The basic bread roll dumpling recipes goes something like this. A pint of milk, two eggs and an egg yolk, salt and enough flour to make a dough that is neither runny nor dry (knead it with a wooden spoon until blisters or bubbles form). The type of flour I use is a coarsely ground one, but not so coarse that it would qualify as wheat meal. Let it rest for one hour. Meanwhile, dice some bread rolls or buns and fry them in butter. Let them cool. Shortly before cooking the dumplings mix the buns in the dough, form peach-shaped dumplings and simmer them in salted water for 20-30 minutes. Slice immediately. This comes from a 19th century Czech cookbook and this is the way my grandmother has always made them. They're a bit heavy but still fluffy inside and wonderfully slippery on the outside. Also great with all those Czech sauces that accompany boiled beef when beef broth is the first course, such as onion sauce or dill sauce.

Another 19th century cookbook gives a different dumpling recipe (among about two dozens other dumpling recipes). Here some diced buns are soaked in milk until they dissolve, some are fried in butter. Three egg yolks, salt, a tablespoon of wheat meal and a couple of tablespoons of breadcrumbs are mixed with the milk-bread mixture. The whites are beaten until stiff peaks form and then blended in the dough, fried buns are added, too. The dough is too wet and is therefore steamed in cheesecloth. These are called Viennese dumplings and are much lighter.

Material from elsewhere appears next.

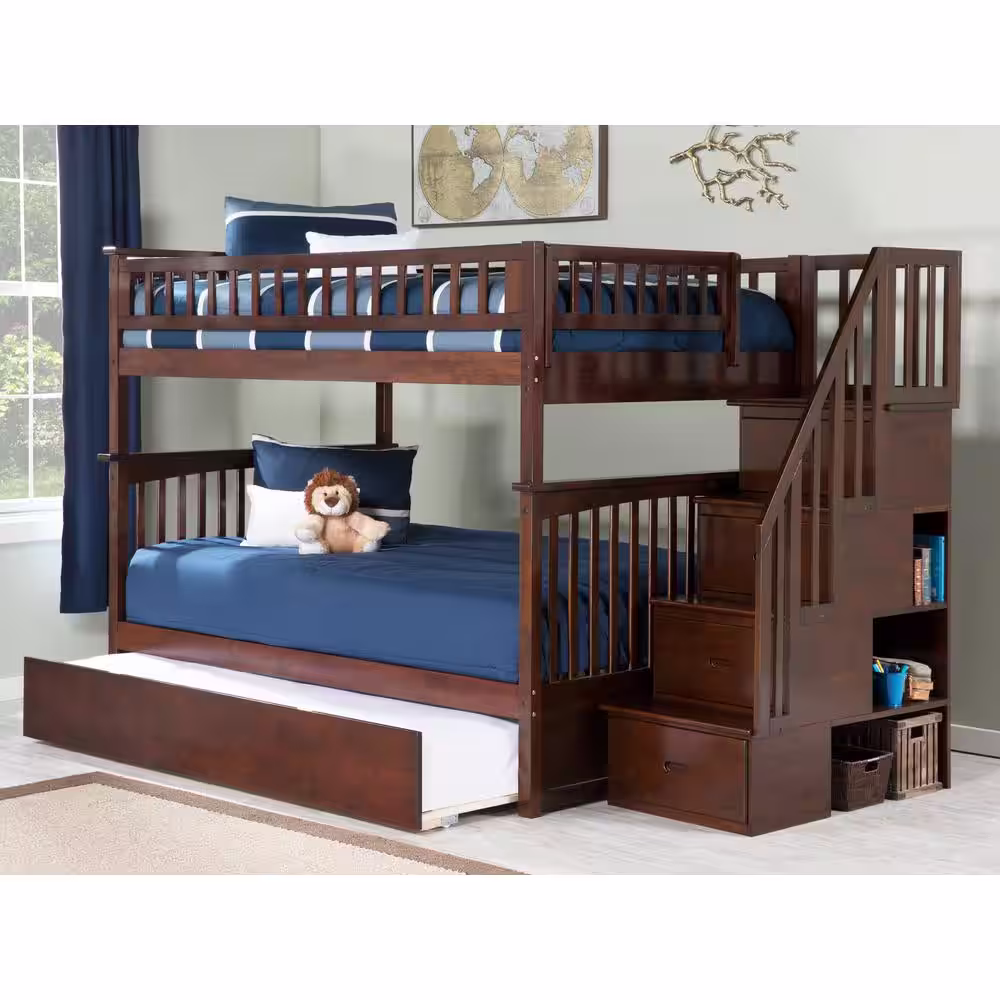 AFI Columbia Staircase Bunk Bed Full over Full with Full Size Urban Trundle Bed in Walnut

Bear's garlic is in season now and it's a good idea to mix some chopped in the dumpling dough. Goes well with goulash, I think.


----------



## healthyfood365 (Apr 27, 2012)

Hi Slayertplsko, you wandered about using the olive oil in goulash. Reason is very simple, it is lot healthier then other vegetable oils such as sunflower oil which is most commonly used in my country. Olive oil contains a wide variety of valuable antioxidants that are not found in other oils. Hydroxytyrosol is thought to be the main antioxidant compound in olives, and believed to play a significant role in the many health benefits attributed to olive oil. It has a protective effect against certain malignant tumors in the breast, prostate, econometric and digestive tract. Olive oil is considerably rich in monounsaturated fats and is linked with a reduction in the risk of coronary heart disease. Eating about 2 tbsp (23 g) of olive oil daily may reduce the risk of coronary heart disease due to the monounsaturated fat in olive oil. To achieve this possible benefit, olive oil is to replace a similar amount of saturated fat and not increase the total number of calories you eat in a day. Check the nutrition facts on the bottle, you will find cholesterol 0%. Other reason is because i really like the taste of extra virgin olive oil, specially when i buy it directly from the people who make it in Dalmatia (Croatia) or Greece. It's taste is really rich and i love it in my meals

Anyway, back to goulash, I would really like to try Czech style goulash with beer, I heard lots of stories about it, but never tried. I will cook your recipe sometime soon, very curious to taste it, specially with bottle of cold Pilsner Urquell)


----------



## slayertplsko (Aug 19, 2010)

Of course I do love olive oil, I just feel that good lard is better in dishes like this. On the other hard, olive oil is unsurpassed in vegetable dishes with tomatoes, eggplants and the likes. After all, lard is the traditional cooking fat in Hungary and here in Slovakia, too. And if you can get good lard from healthy pigs then all the better. I am lucky to have an access to Mangalitsa lard from a small farm near Košice, where I live, which I can buy in a small butcher's here. Alternatively, you can buy belly fat from a butcher and render it yourself. I would just stay away from store-bought lard as it has an unpleasant, sharp smell when heated (at least that's my experience). Also, lard is about 50% unsaturated, though I don't really care since I don't believe that saturated-fats-cause-heart-disease theory. And yes, Pilsner Urquell works great in and with goulash.


----------



## chefedb (Apr 3, 2010)

Chef Kostendorf nailed it. Its the way I learned it from the oldtimers back in the 50s. Paprika  is a must, how strong depends on your taste. Give me this with some washboard spatzele and I am a happy camper.  With any leftover add some more veges and make goulash soup.


----------



## dagobert (May 4, 2012)

Always do it as natives do (used to do it for generations) is my moto. Too much experiment, fusion, taste adaptation,... never worked for me. Olive Oil - love it. But not in this dish. Embellishments - same thing. Good ingredients : Beef, onions, paprika, fat, few spices and seasoning is really all you need. The rest could be very tasty, but in my humble opinion, it is not GOLAŽ. 

Dagobert


----------



## zojison (Apr 25, 2012)

Dagobert said:


> Always do it as natives do (used to do it for generations) is my moto. Too much experiment, fusion, taste adaptation,... never worked for me. Olive Oil - love it. But not in this dish. Embellishments - same thing. Good ingredients : Beef, onions, paprika, fat, few spices and seasoning is really all you need. The rest could be very tasty, but in my humble opinion, it is not GOLAŽ.
> Dagobert


I have to agree. I have tasted "gulas" some years ago, in Romania (there are many Hungarians living there, and this meal was prepared for me by an old lady in an iron pot, on a fire in the garden).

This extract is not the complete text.